What the exercise asks:
Repeat every line of the data exactly; no picture belongs in the copy.

Information shown: Begin

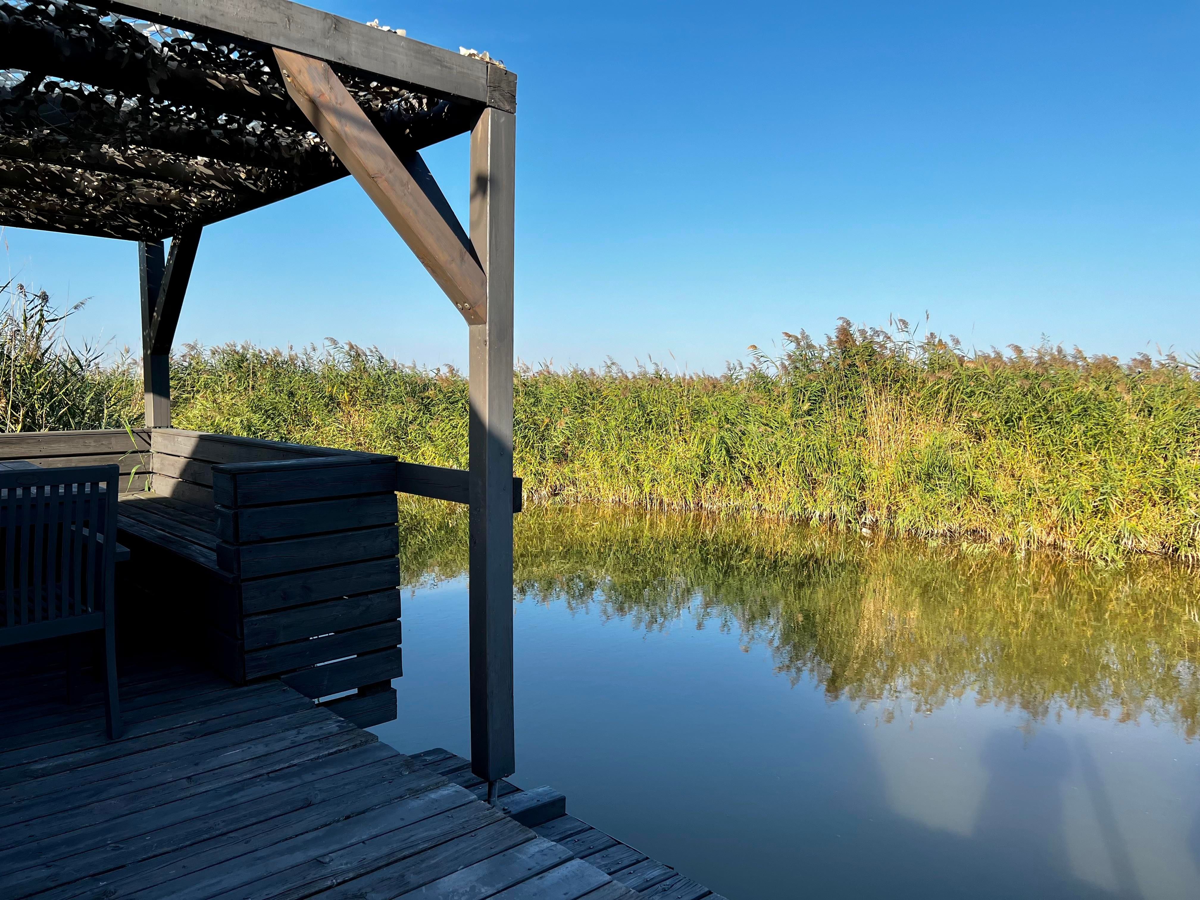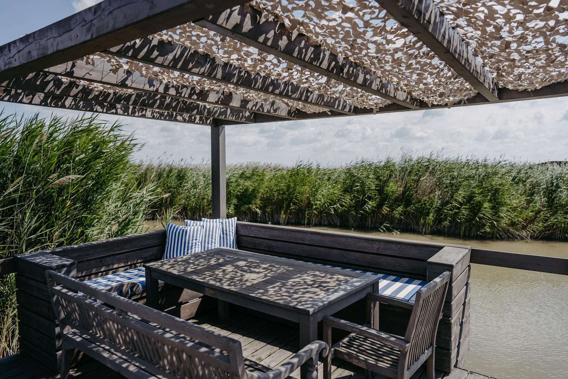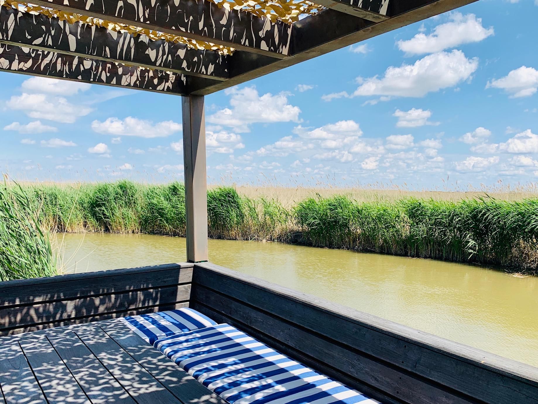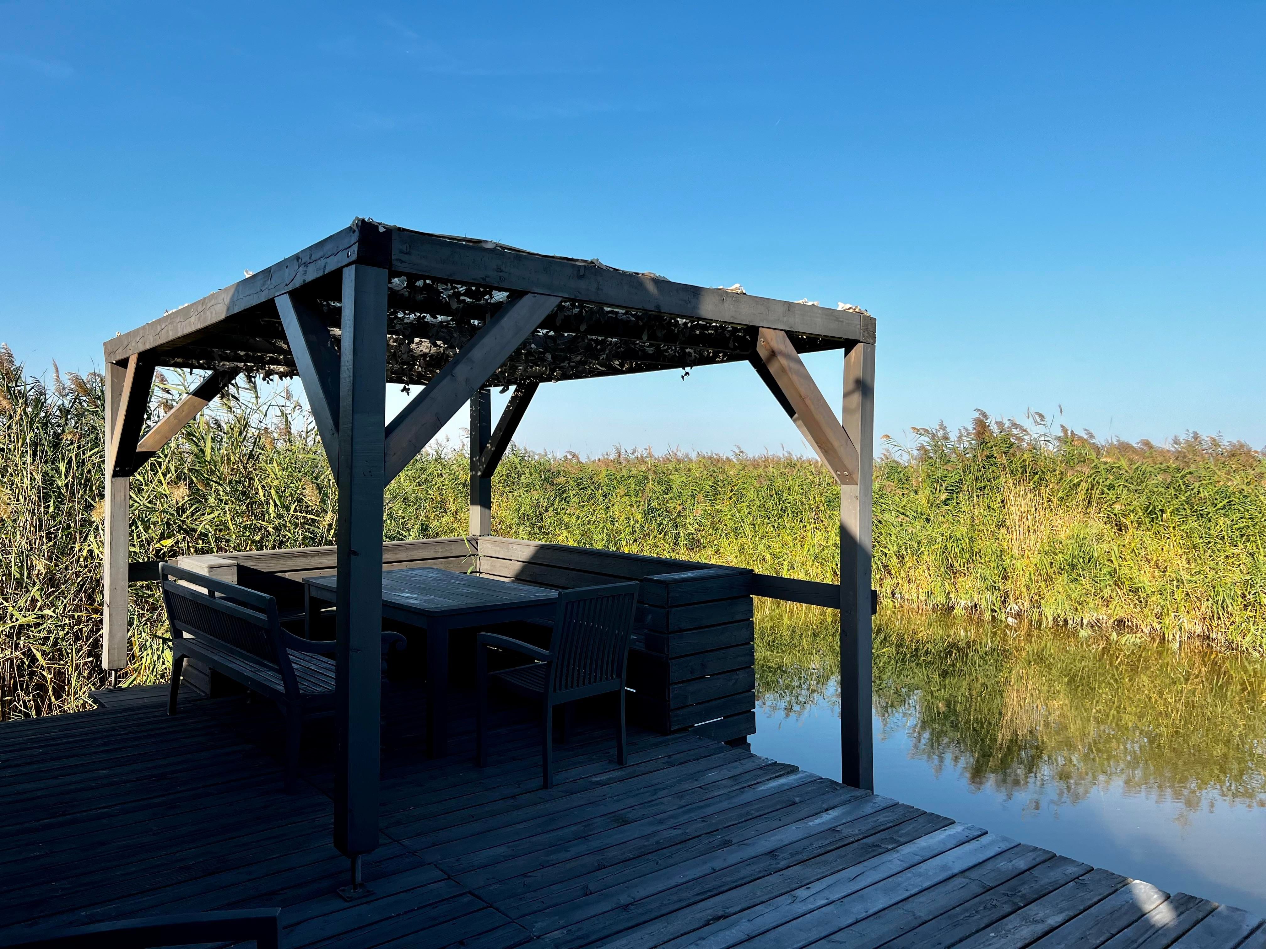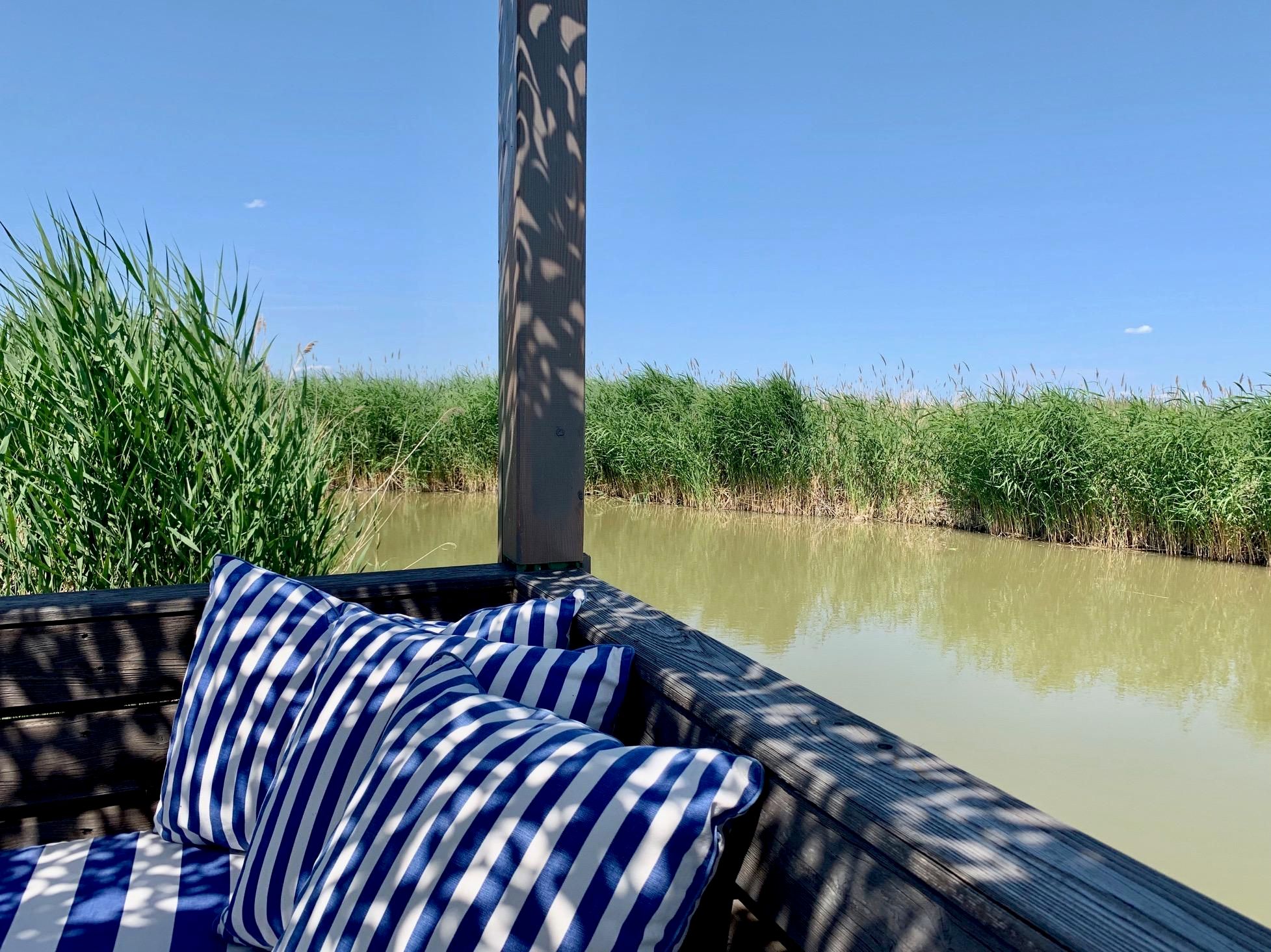 Vor der Hütte gibt es einen großzügigen Schwimmbereich, wobei der gesamte See nicht sehr tief ist. Ein großes Sonnendeck mit gepolsterten Auflagen lädt zum Sonnenbaden und Entspannen ein. Neben dem großen Esstisch in der Hütte haben Sie auch Draußen auf der Terrasse, unter einem schattigen Segel, eine Eckbank mit Esstisch direkt über dem Wasser. Die Hütte liegt mitten im Naturschutzgebiet und ist von Wasser und Schilf umgeben. Der Neusiedler See und die Ruster Altstadt gehören zum UNESCO Weltkulturerbe. Damit misst die UNESCO der Kulturlandschaft Neusiedler See einen außergewöhnlichen Wert für die gesamte Menschheit bei.
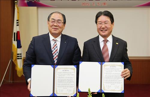 | △ 협력 다짐하는 박세복(오른쪽) 충북 영동군수와 황정수 전북 무주군수. |
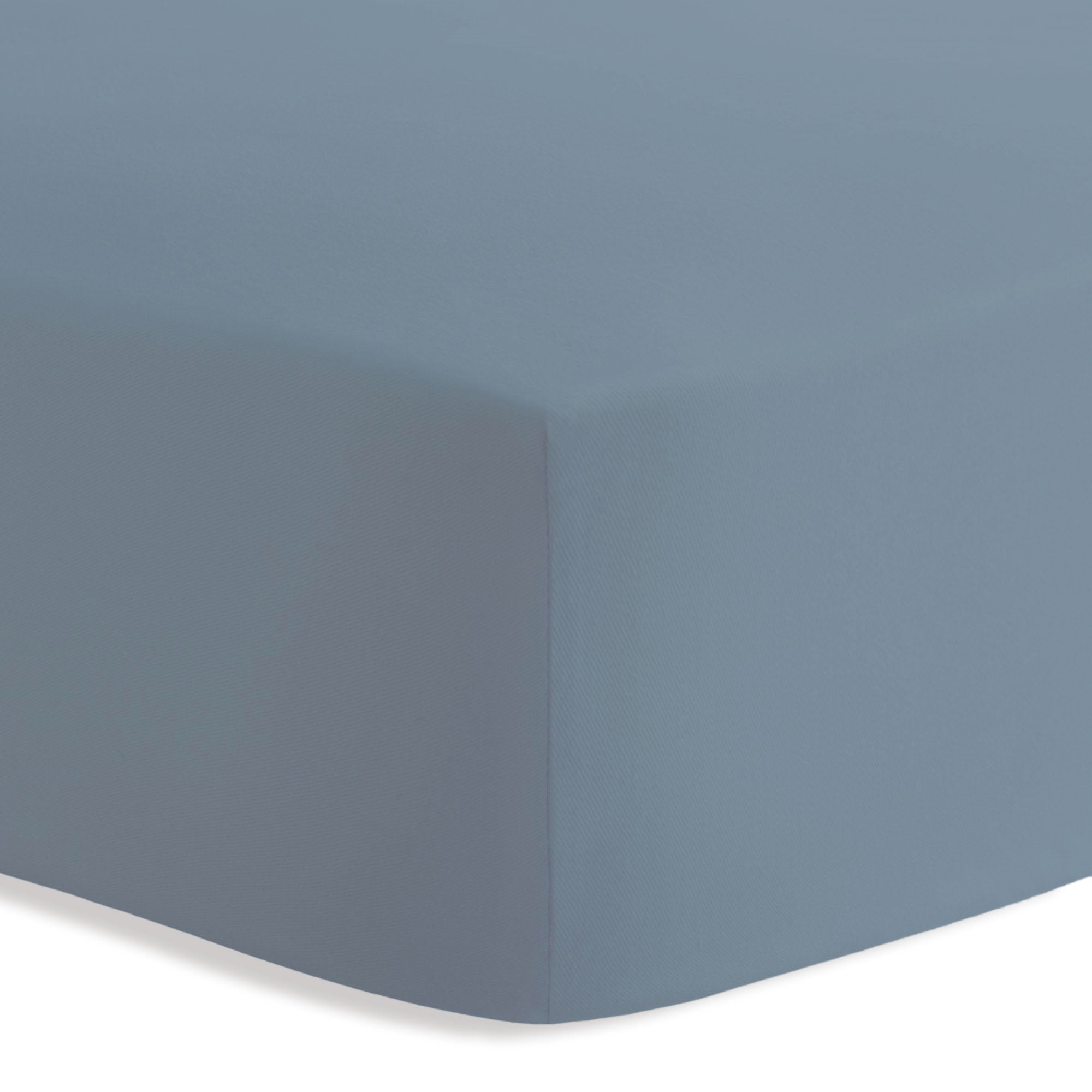 Happidea Lenzuolo Sotto con Angoli Singolo in Cotone Azzurro Tinta Unita Polvere

Information shown: End

Answer space:
 Vor der Hütte gibt es einen großzügigen Schwimmbereich, wobei der gesamte See nicht sehr tief ist. Ein großes Sonnendeck mit gepolsterten Auflagen lädt zum Sonnenbaden und Entspannen ein. Neben dem großen Esstisch in der Hütte haben Sie auch Draußen auf der Terrasse, unter einem schattigen Segel, eine Eckbank mit Esstisch direkt über dem Wasser. Die Hütte liegt mitten im Naturschutzgebiet und ist von Wasser und Schilf umgeben. Der Neusiedler See und die Ruster Altstadt gehören zum UNESCO Weltkulturerbe. Damit misst die UNESCO der Kulturlandschaft Neusiedler See einen außergewöhnlichen Wert für die gesamte Menschheit bei.
 | △ 협력 다짐하는 박세복(오른쪽) 충북 영동군수와 황정수 전북 무주군수. |
 Happidea Lenzuolo Sotto con Angoli Singolo in Cotone Azzurro Tinta Unita Polvere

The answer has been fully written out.